Amazon is developing a new point-of-sale system designed to lure small businesses that use Shopify, Square and PayPal for checkout needs. The new POS system manages in-store and online transactions, adds Amazon checkout options, provides inventory counts and offers business analytics. The system also integrates with existing Amazon services, including the Prime membership program, the One palm-based identification technology, and the Flex delivery network. Amazon also reportedly tasked its “Project Santos” team with a POS system that could be sold to third-party sellers.

“This will allow our small business (SMB) customers to unify their online and offline channel management including inventory, offer Amazon One for contactless recognition and payment, and offer a customizable loyalty program that can utilize Prime benefits,” an internal document noted, according to Business Insider. That means the proposed POS would be able to process transactions in brick-and-mortar stores as well as through online merchants.

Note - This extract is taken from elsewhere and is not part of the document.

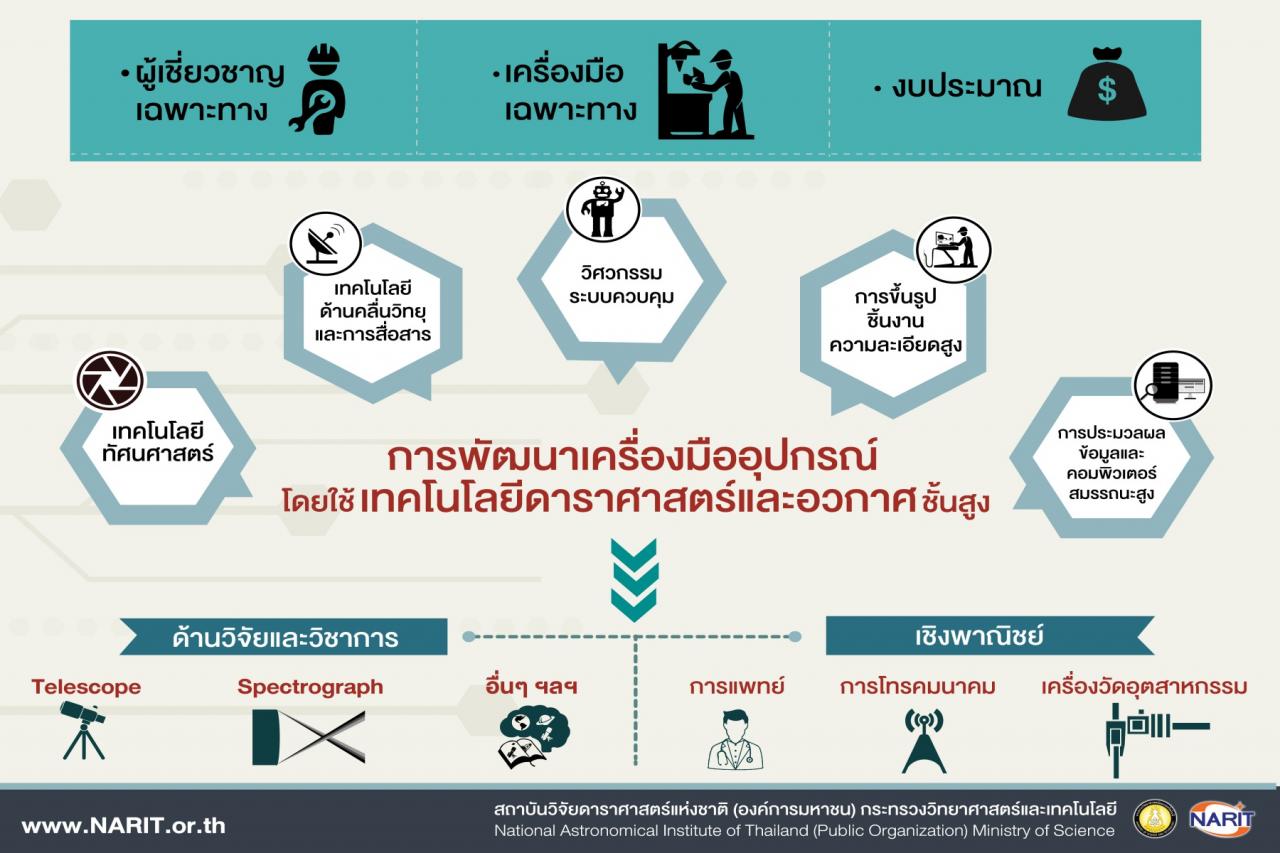 ดร.ศรัณย์ โปษยะจินดา ผู้อำนวยการสถาบันวิจัยดาราศาสตร์แห่งชาติ (องค์การมหาชน) กระทรวงวิทยาศาสตร์และเทคโนโลยี หรือ สดร. เปิดเผยว่า การศึกษาวิจัยทางดาราศาสตร์ทั้งในปัจจุบันและในอนาคต ต้องอาศัยเทคโนโลยี เครื่องมือ อุปกรณ์ที่มีประสิทธิภาพสูง ทันสมัย ได้ข้อมูลที่แม่นยำ และรวดเร็ว จำเป็นต้องมีการพัฒนาเทคโนโลยีขั้นสูงในหลายๆ ด้าน เพื่อรองรับการศึกษาวิจัยด้านดาราศาสตร์ ที่จะสามารถ ต่อยอดไปสู่การผลิตในอุตสาหกรรมขั้นสูงของประเทศต่อไปในอนาคต อาทิ เทคโนโลยีทางเครื่องมือวิทยาศาสตร์และอุตสาหกรรมขั้นสูง เทคโนโลยีการขึ้นรูปที่ละเอียดแม่นยำ เทคโนโลยีด้านโรโบติกส์ เทคโนโลยีวัสดุ เทคโนโลยีการรับ-ส่งข้อมูล การประมวลผลข้อมูลที่มีขนาดใหญ่ ฯลฯ สดร.มีเป้าหมายจะพัฒนาเทคโนโลยีขั้นสูงเหล่านี้ ร่วมกับเครือข่ายทั้งภาครัฐและเอกชน ภายในและต่างประเทศ ก่อให้เกิดการผลิตและพัฒนากำลังคนด้านเทคโนโลยีขั้นสูงในสาขาที่เกี่ยวข้อง สู่ภาคอุตสาหกรรม รวมถึงการใช้ประโยชน์เชิงพาณิชย์จากเทคโนโลยีและนวัตกรรมเหล่านี้ต่อไปในอนาคต

The strategy underscores Amazon’s concern over losing small-business sellers to competitors like Shopify. “Additionally, it shows how Amazon’s ambition for physical stores extends beyond building an array of brick-and-mortar locations” by wanting to sell them software that checks out customers and analyzes data, says BI. Amazon has begun rolling out its own cashierless check out software to locations in its Whole Foods subsidiary.

Amazon’s new POS system would put the retail giant in direct competition with Square, PayPal, Shopify, and Fiserv’s First Data — companies that offer online POS check out solutions that have in some cases crossed over to physical retail use. The global POS software market generated an estimated $9.26 billion in 2020, a figure that is expected to reach $19.56 billion by 2028, according to a Grand View Research study.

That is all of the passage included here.